→ EXTRACTED ENTRIES
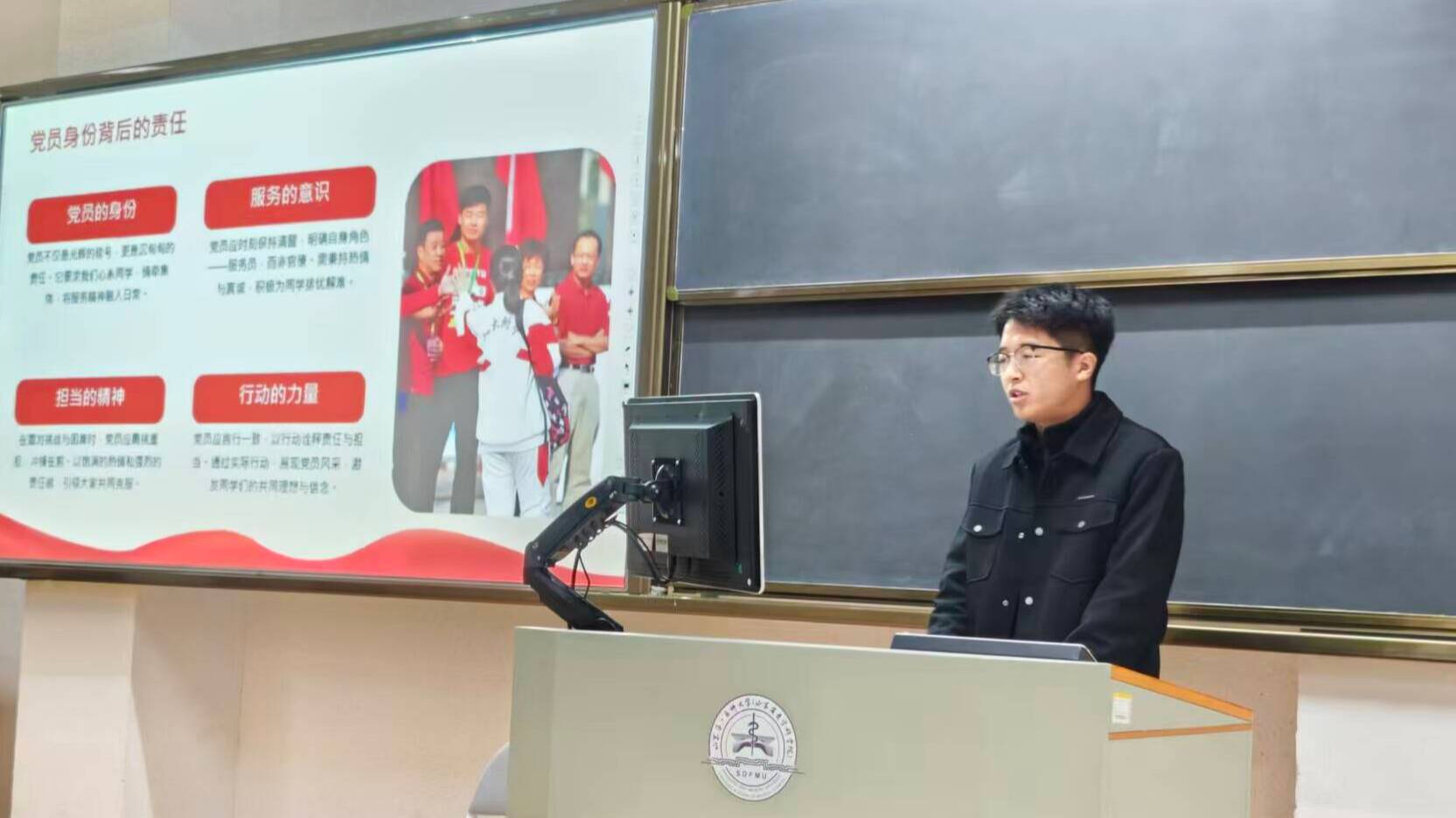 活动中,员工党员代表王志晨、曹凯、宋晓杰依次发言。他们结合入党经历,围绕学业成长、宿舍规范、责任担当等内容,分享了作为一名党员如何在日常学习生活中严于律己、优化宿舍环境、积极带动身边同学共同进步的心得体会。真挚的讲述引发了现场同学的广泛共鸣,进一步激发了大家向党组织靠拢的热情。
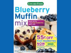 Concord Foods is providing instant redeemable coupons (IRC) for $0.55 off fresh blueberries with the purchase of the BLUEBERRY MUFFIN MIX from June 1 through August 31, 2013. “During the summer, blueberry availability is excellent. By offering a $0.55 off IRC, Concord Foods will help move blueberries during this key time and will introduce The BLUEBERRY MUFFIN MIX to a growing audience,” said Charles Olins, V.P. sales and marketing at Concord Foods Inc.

==

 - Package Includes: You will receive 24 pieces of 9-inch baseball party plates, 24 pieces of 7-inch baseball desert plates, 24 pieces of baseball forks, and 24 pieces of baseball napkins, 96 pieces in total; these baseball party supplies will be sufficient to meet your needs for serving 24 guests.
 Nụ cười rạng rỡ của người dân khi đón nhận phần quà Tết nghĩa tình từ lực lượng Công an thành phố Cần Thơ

→ TASK
Range to print from the listing above: from the line with "活动中,员工党员代表王志晨、" up to and including the line with "Concord Foods is". Please print those lines exactly, with no pictures and nothing more.

→ EXERCISE RESPONSE
 活动中,员工党员代表王志晨、曹凯、宋晓杰依次发言。他们结合入党经历,围绕学业成长、宿舍规范、责任担当等内容,分享了作为一名党员如何在日常学习生活中严于律己、优化宿舍环境、积极带动身边同学共同进步的心得体会。真挚的讲述引发了现场同学的广泛共鸣,进一步激发了大家向党组织靠拢的热情。
 Concord Foods is providing instant redeemable coupons (IRC) for $0.55 off fresh blueberries with the purchase of the BLUEBERRY MUFFIN MIX from June 1 through August 31, 2013. “During the summer, blueberry availability is excellent. By offering a $0.55 off IRC, Concord Foods will help move blueberries during this key time and will introduce The BLUEBERRY MUFFIN MIX to a growing audience,” said Charles Olins, V.P. sales and marketing at Concord Foods Inc.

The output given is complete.